The Subject is Time—A Studio Visit with Virginia Sharkey

August 21, 2022

Virginia led me along a sheltered path around the house,

then up a staircase
to her studio...

"I lost my large airy studio when the building was sold. I feel fortunate to have this temporary space, but as I work large it’s way too small and dark. I have plans for building a studio though the paperwork is taking forever."

"I’ve been working with time, with times of day, with noon, approaching light, and now midnight, what you can feel about those two times of day, 12 noon and 12 midnight, how they are related. My compositions always have a subject, even though I use abstract means.”

How does time become a subject for you?

"My paintings are carefully considered. They are what a friend has called 'slow paintings.' I want to make paintings no one has seen before. I don’t want to just put conventionally accepted shapes together."
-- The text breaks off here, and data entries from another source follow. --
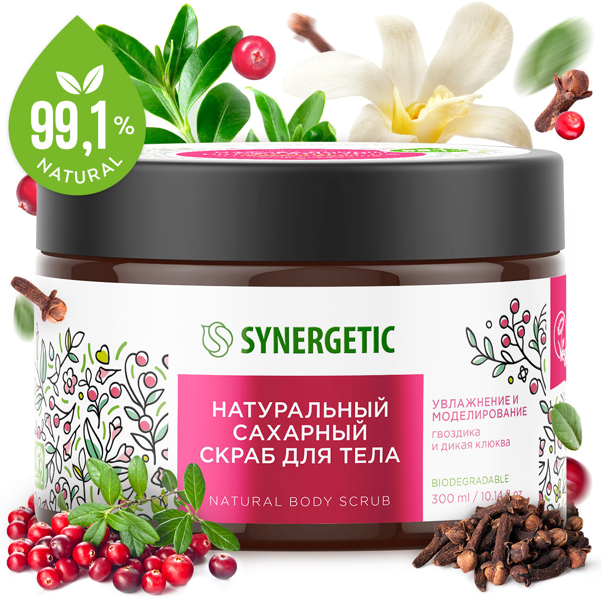 Натуральный сахарный скраб для тела Synergetic увлажнение и моделирование, гвоздика и дикая клюква – это эффективное средство для ухода за кожей, более чем на 99% состоящее из натуральных компонентов. Скраб деликатно отшелушивает, очищает и тонизирует кожу. Масло карите интенсивно питает, делая кожу гладкой и подтянутой, а экстракт клюквы обогащает кожу комплексом витаминов и микроэлемент��в и способствуют регенерации кожи. Комплекс масел миндаля и кокоса интенсивно питает, увлажняет и восстанавливает нежную кожу, придавая упругость и бархатистость.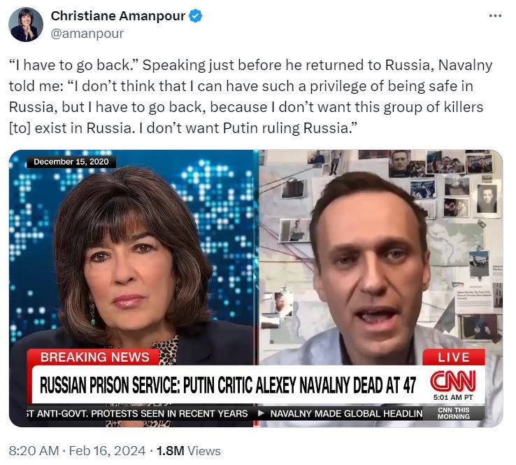 Navalny’s blood is on Putin’s hands. It matters not whether he had Navalny murdered Friday or simply drained the life from him through month after month of blanketless cold isolation cell floors, rotting morsels of food, and physical brutality.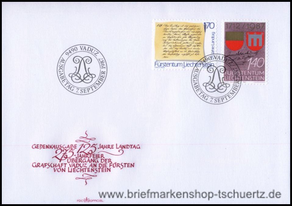1987, 275. Jahrestag des Erwerbs der Grafschaft Vaduz /125 Jahre LandtagOff. Ersttagsbrief mit Sonderstempel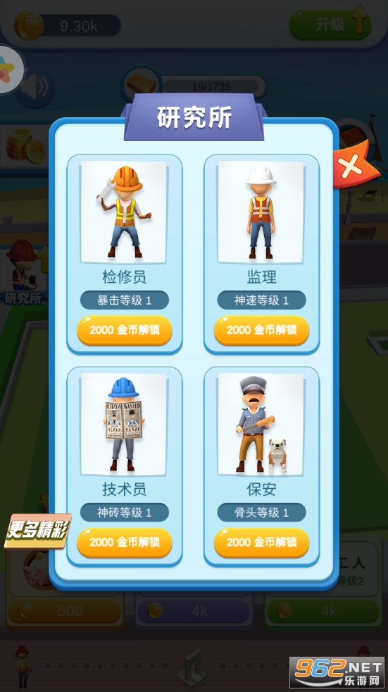 《欢乐搬砖大师游戏》是一款画面清新的建造各种建筑的放置经营类休闲手游,游戏中你将获得一大片的土地,可以在这里建造便利店等各种建筑,招募监理、检修员技术员、保安等各种工人来帮助自己修建管理,可以升级强化,增加工人数量、收益等。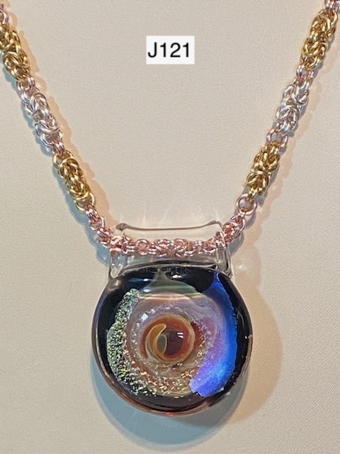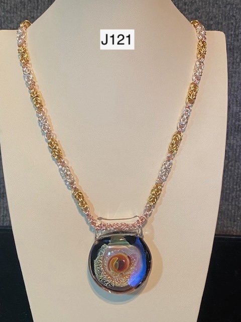 J121) Silver and gold colored Byzantine chain with a small section of rose gold by the one-of-a-kind focal bead of lamp worked glass, magnetic clasp -- Price: $185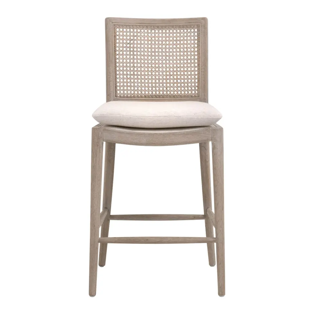 The indira Counter Stool seamlessly combines traditional design with contemporary elements, making it an ideal piece for a transitional space. It measures 18.75" wide, 21.75" deep, and 39.25" high, with a seat height of 26". Crafted with a solid oak wood frame and cane back, it provides an airy, stylish aesthetic. The seat cushion is removable with ties and upholstered in a performance textured linen. This material is made from a durable polyester-linen blend that is stain-resistant and designed to withstand everyday use. With a contoured seat and leg stretchers for added support, this transitional stool delivers both comfort and durability, making it a refined addition to any bar or dining space.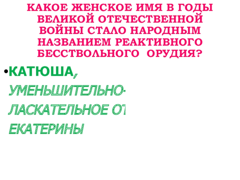 КАТЮША, УМЕНЬШИТЕЛЬНО-ЛАСКАТЕЛЬНОЕ ОТ ЕКАТЕРИНЫ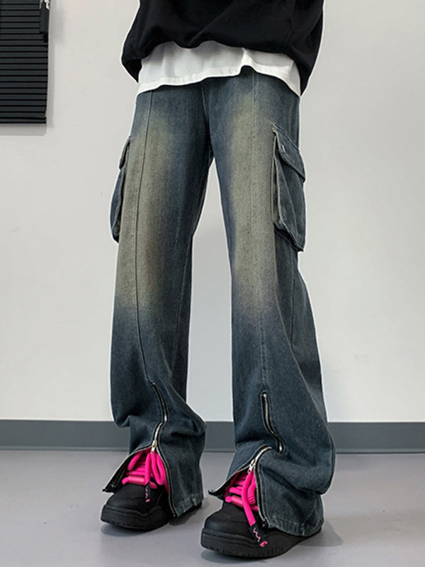 Herren-Cargojeans mit Reißverschluss und Schlitz und Pattentasche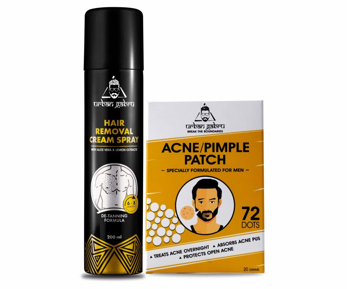 HomeBeautyBodyShaving & Hair Removalurbangabru Men Hair Removal Cream Spray (200 Ml) + Acne Pimple Patch (72 Dots) - Body And Face Care Combo Kit Pack of 1

"It’s all related in some way to playing the violin in symphonies, years of meditation, Zen art and the particular renditions of space in Asian painting. It's the emptiness of time, its non-existence. But the moment—I’ve always been interested in the idea of presence and capturing the moment, crystallizing it, so that it becomes eternal. I’m Interested in the tension between the infinite and the intimate. Like with interior space, I’m aware of compression, and trying to get a space that seems full rather than empty."

Some of Virginia’s tools

A perennial question: When is a painting finished?

"You pare down some of the elements as much as you can. The work is never the miracle you want it to be, it always falls short. But you can only push a particular work so far; you have to acknowledge and respect the work itself. It becomes something out of your hands, another entity with its own rules, and you have to respect its being."